Homeland Security after the Bush Administration: Next Steps in Building Unity of Effort

Wednesday, August 22, 2007
12:00 AM - 12:00 AM
(Pacific)
Bechtel Conference Center
Speaker: 

Homeland security remains a house divided. Within the Department of Homeland Security (DHS), which incorporated 22 disparate agencies four years ago, major challenges persist in building cohesion and cooperation across Department boundaries. Difficulties also exist for strengthening interagency cooperation between DHS and the other federal Departments (ranging from Defense to Health and Human Services) with homeland security responsibilities. Still greater challenges lie in building cooperation beyond the federal government. States, localities and the private sector are critical to homeland security, but do not ordinarily fall under the president's command, and have their own priorities related to infrastructure protection, disaster preparedness, and other key functions. The profoundly non-hierarchical structure of the homeland security system requires unprecedented efforts to create unity of effort: that is, coordination and cooperation to accomplish mutually agreed objectives, by components of the government and private sector that typically cannot order each other what to do.

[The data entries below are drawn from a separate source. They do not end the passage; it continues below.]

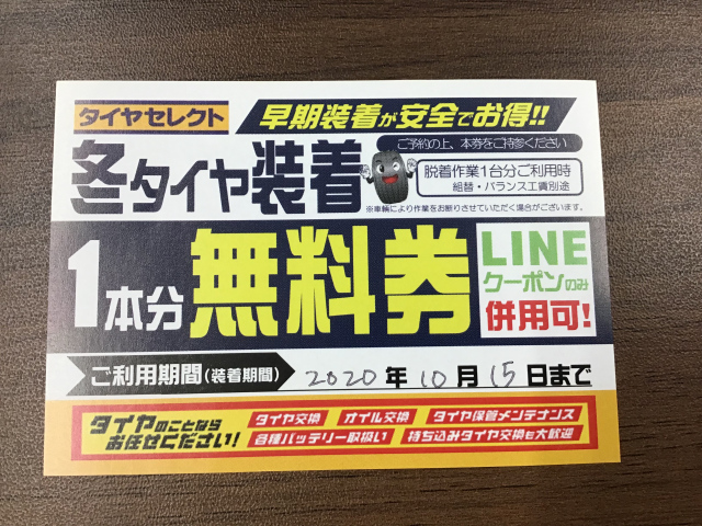 こちらのクーポンのご提示でタイヤ交換工賃が1本分無料になります!!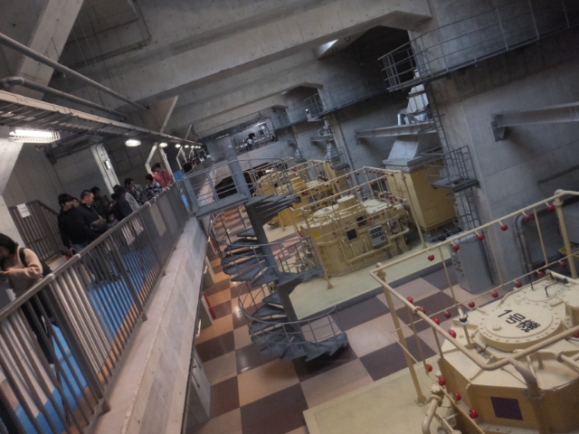 調圧水槽から流れてきた洪水を江戸川へ流すためのポンプがある部屋も見学可能です。ガスタービンエンジンで動力を発生させ、ポンプ内部のインペラを回転させることで、水を流しているそう。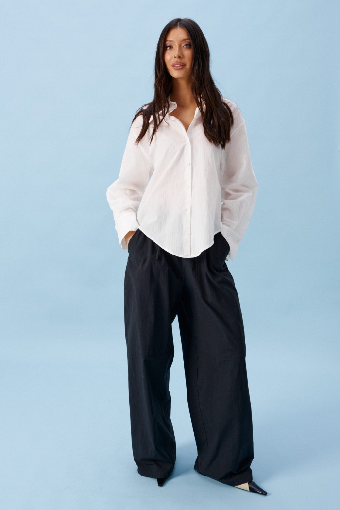Блузка приталенного силуэта, выполнена из хлопковой белой ткани в мелкую бежевую полоску. Характеристики : Воротник отложной на стойке, рукав одношовный, втачной, по низу рукава притачная манжета. Застежка центральная на петли пуговицы. Верхняя часть спинки закрытая, длина 31см. Низ идет на завязках. Длина переда 67см, длина рукава от края горловины 77см.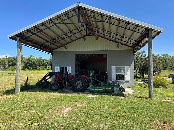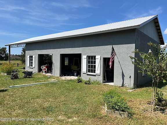 Don't miss out on this amazing opportunity to own this 4.8 acre pasture land zoned for animals! Fully fenced and cross fenced with multiple paddocks making it perfect for goats, horses, and other livestock. The 4 bedroom 3 full bathroom manufactured home offers a sprawling spilt floor plan. The open kitchen features and abundance of cabinets for plenty of storage, new stainless steel appliances, and center prep island. The bonus living room is a great place for entertaining guests and offers a nice view through the sliding glass doors. Outside features a recently built large 30x50 concrete block shop with endless possibilities including car/truck lifts, barn stalls, workshop and more. In addition its has a 20' awning for additional coverage making it perfect for storing your boat, R.V., and toys!! If that's not enough storage for you, there is also an additional detached 10x14 utility shed. This is a great property in a very desirable area with endless opportunities. Located 10 minutes from the Suncoast Parkway making the commute to Tampa or Citrus County a breeze! Minutes away from Highway 50 that offers endless dining and shopping choices, Hospitals, and recreational activities. Don't miss this one! Call to schedule your showing today!

The CISAC Forum on Homeland Security will enable approximately 25 private sector leaders, senior government officials and scholars to share insights on homeland security beyond their usual realms of interaction. We would like to launch a dialogue between participants on the problems that exist in creating coordination and collaboration in homeland security, how unity of effort might be defined (and ultimately measured in terms of effectiveness) as a means to overcome those problems, and how different approaches in industry and government might be adapted to fill specific gaps in homeland security cooperation. The conference will conclude with an effort to reach consensus on initiatives that seem most promising to pursue, both for action by policymakers and industry leaders and for analysis in follow-on discussions and academic research.